1.18 Who Handles Wildcards?

Wildcards (1.16) are actually defined by the UNIX shells, rather than the UNIX filesystem. In theory, a new shell could define new wildcards, and consequently, we should discuss wildcarding when we discuss the shell. In practice, all UNIX shells (including ksh, bash, and other variants (1.8)) honor the same wildcard conventions, and we don't expect to see anyone change the rules. (But different shells do different things when a wildcard doesn't match (15.4).)

You may see different wildcarding if you buy a special-purpose shell that emulates another operating system (for example, a shell that looks like DEC's DCL)-in this case, your shell will obey the other operating system's wildcard rules. But even in this case, operating system designers stick to a reasonably similar set of wildcard rules.

The fact that the shell defines wildcards, rather than the filesystem itself or the program you're running, has some important implications for a few commands. Most of the time, a program never sees wildcards. For example, typing:

% lpr *

is exactly the same as typing:

% lpr file1 file2 file3 file4 file5

In this case everything works as expected. But there are other situations in which wildcards don't work at all. Assume you want to read some files from a tape, which requires the command tar x (20.4), so you type the command tar x *.txt. Will you be happy or disappointed?

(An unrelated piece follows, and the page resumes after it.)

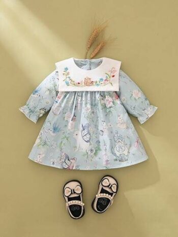 SHEIN Baby Girl’s Cute Rabbit Print Long Sleeve Dress, Spring/Summer NB00045

You'll be disappointed - unless older versions of the files you want are already in your current directory (1.21). The shell expands the wildcard *.txt, according to what's in the current directory, before it hands the completed command line over to tar for execution. All tar gets is a list of files. But you're probably not interested in the current directory; you probably want the wildcard * to be expanded on the tape, retrieving any *.txt files that the tape has.

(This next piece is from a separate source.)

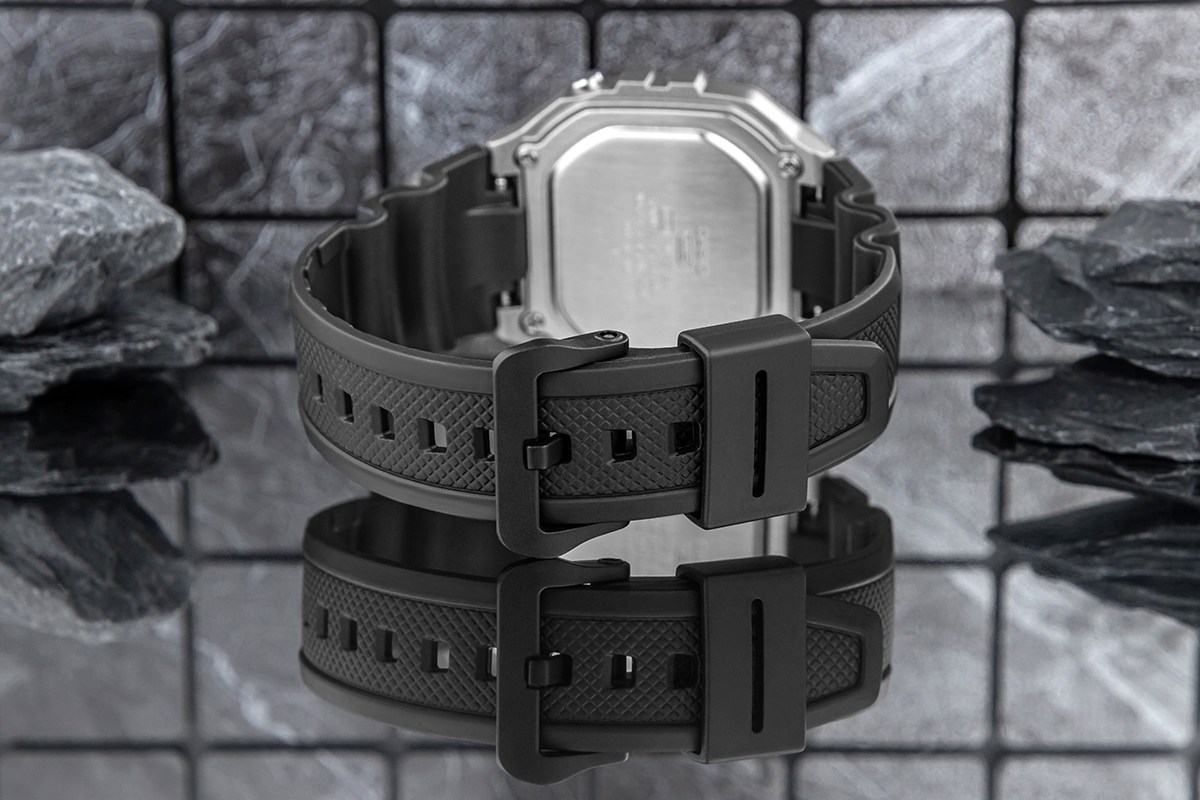 Pasek resinowy z tworzywa sztucznego jest bardzo lekki, zapewniając komfort w codziennym użytkowaniu, zwłaszcza w przypadku aktywności fizycznej. Materiał żywiczny – tworzywo jest odporny na uszkodzenia mechaniczne, takie jak pęknięcia czy złamania, co czyni go idealnym wyborem do zegarków przeznaczonych do intensywnego użytkowania. Tworzywo sztuczne jest odporny na wilgoć, działanie wody, a także na zmiany temperatury, co sprawia, że paski te doskonale sprawdzają się w trudnych warunkach. Paski resinowe są łatwe do czyszczenia – wystarczy przetrzeć je wilgotną ściereczką, aby usunąć zabrudzenia.

There's a way to pass wildcards to programs, without having them interpreted by the shell. Simply put *.txt in quotes (8.14). The quotes prevent the UNIX shell from expanding the wildcard, passing it to the command unchanged. Programs that can be used in this way (like uucp and rcp (1.33)) know how to handle wildcards, obeying the same rules as the shell (in fact, these programs usually start a shell to interpret their arguments). You only need to make sure that the programs see the wildcards, that they aren't stripped by the shell before it passes the command line to the program. As a more general rule, you should be aware of when and why a wildcard gets expanded, and you should know how to make sure that wildcards are expanded at an appropriate time.

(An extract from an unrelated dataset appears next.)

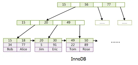 后来,在B+树上增加了顺序访问指针,也就是每个叶子节点增加一个指向相邻叶子节点的指针,这样一棵树成了数据库系统实现索引的首选数据结构。

NOTE: If your shell understands the {} characters (9.5), you can use them because they can generate any string - not just filenames that already exist. You have to type the unique part of each name, but you only have to type the common part once. For example, to extract the files called project/wk9/summary, project/wk14/summary, and project/wk15/summary from a tar tape, you might use:

% tar xv project/wk{9,14,15}/summary
x project/wk9/summary, 3161 bytes, 7 tape blocks
x project/wk14/summary, 878 bytes, 2 tape blocks
x project/wk15/summary, 2268 bytes, 5 tape blocks

Some versions of tar understand wildcards, but many don't. There is a clever workaround (20.9).